### The data
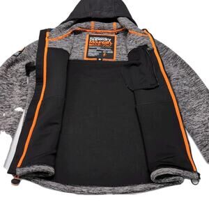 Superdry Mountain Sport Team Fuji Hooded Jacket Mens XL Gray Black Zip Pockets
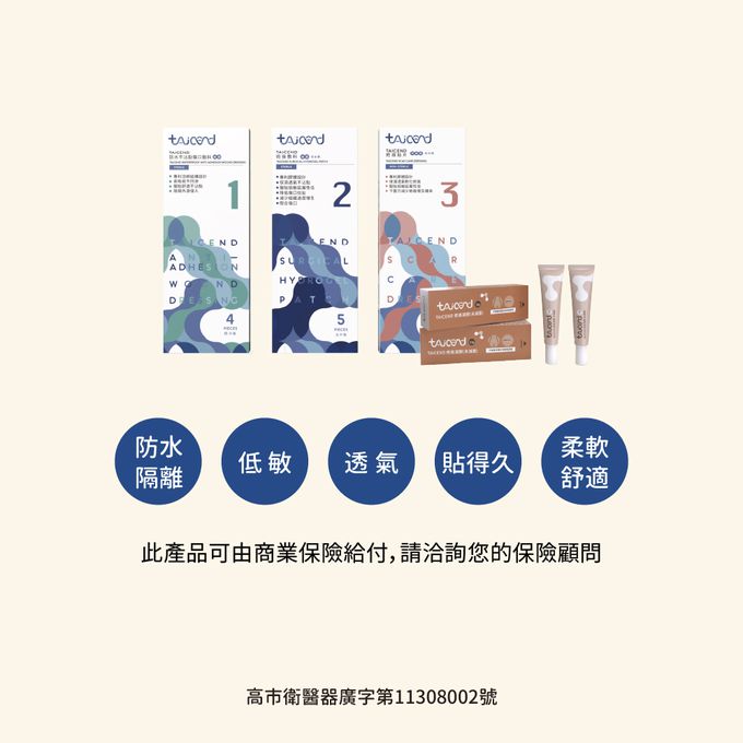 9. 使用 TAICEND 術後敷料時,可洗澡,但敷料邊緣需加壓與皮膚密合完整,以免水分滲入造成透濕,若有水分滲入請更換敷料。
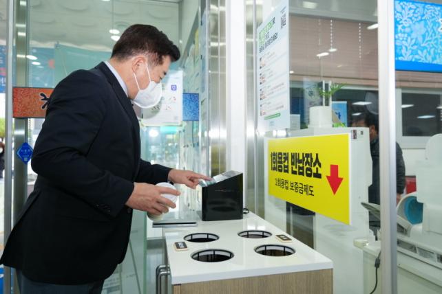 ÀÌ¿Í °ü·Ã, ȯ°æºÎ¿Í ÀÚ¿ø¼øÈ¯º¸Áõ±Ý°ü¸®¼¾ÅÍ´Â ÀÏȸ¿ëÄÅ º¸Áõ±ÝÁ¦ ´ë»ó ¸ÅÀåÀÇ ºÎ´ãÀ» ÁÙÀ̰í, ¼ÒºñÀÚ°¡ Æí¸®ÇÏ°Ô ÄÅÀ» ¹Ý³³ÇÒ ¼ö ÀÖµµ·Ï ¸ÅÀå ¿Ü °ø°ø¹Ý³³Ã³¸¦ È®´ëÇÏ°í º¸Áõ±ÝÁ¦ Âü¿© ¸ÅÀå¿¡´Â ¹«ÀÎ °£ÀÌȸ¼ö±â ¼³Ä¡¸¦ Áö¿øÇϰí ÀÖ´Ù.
==
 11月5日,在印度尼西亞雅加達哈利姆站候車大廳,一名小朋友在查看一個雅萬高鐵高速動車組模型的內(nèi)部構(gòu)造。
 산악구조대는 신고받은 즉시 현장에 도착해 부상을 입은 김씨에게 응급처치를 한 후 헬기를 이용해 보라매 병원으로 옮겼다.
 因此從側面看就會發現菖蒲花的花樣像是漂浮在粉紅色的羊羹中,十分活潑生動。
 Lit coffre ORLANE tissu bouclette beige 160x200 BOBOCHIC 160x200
==
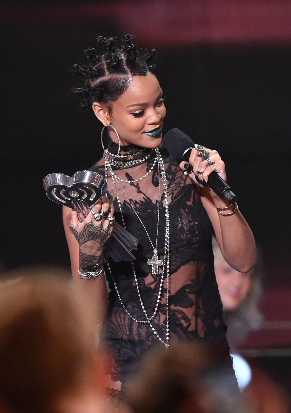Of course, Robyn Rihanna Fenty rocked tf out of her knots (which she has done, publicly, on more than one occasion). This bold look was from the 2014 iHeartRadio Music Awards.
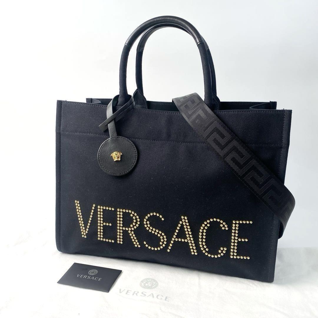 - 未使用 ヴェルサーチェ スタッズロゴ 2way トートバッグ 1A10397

### Requirement
Return exactly the lines of the material above, starting at the line containing "9. 使用 TAICEND" and finishing at the line containing "ÀÌ¿Í °ü·Ã, ȯ°æºÎ¿Í", without any pictures.

### Result
 9. 使用 TAICEND 術後敷料時,可洗澡,但敷料邊緣需加壓與皮膚密合完整,以免水分滲入造成透濕,若有水分滲入請更換敷料。
 ÀÌ¿Í °ü·Ã, ȯ°æºÎ¿Í ÀÚ¿ø¼øÈ¯º¸Áõ±Ý°ü¸®¼¾ÅÍ´Â ÀÏȸ¿ëÄÅ º¸Áõ±ÝÁ¦ ´ë»ó ¸ÅÀåÀÇ ºÎ´ãÀ» ÁÙÀ̰í, ¼ÒºñÀÚ°¡ Æí¸®ÇÏ°Ô ÄÅÀ» ¹Ý³³ÇÒ ¼ö ÀÖµµ·Ï ¸ÅÀå ¿Ü °ø°ø¹Ý³³Ã³¸¦ È®´ëÇÏ°í º¸Áõ±ÝÁ¦ Âü¿© ¸ÅÀå¿¡´Â ¹«ÀÎ °£ÀÌȸ¼ö±â ¼³Ä¡¸¦ Áö¿øÇϰí ÀÖ´Ù.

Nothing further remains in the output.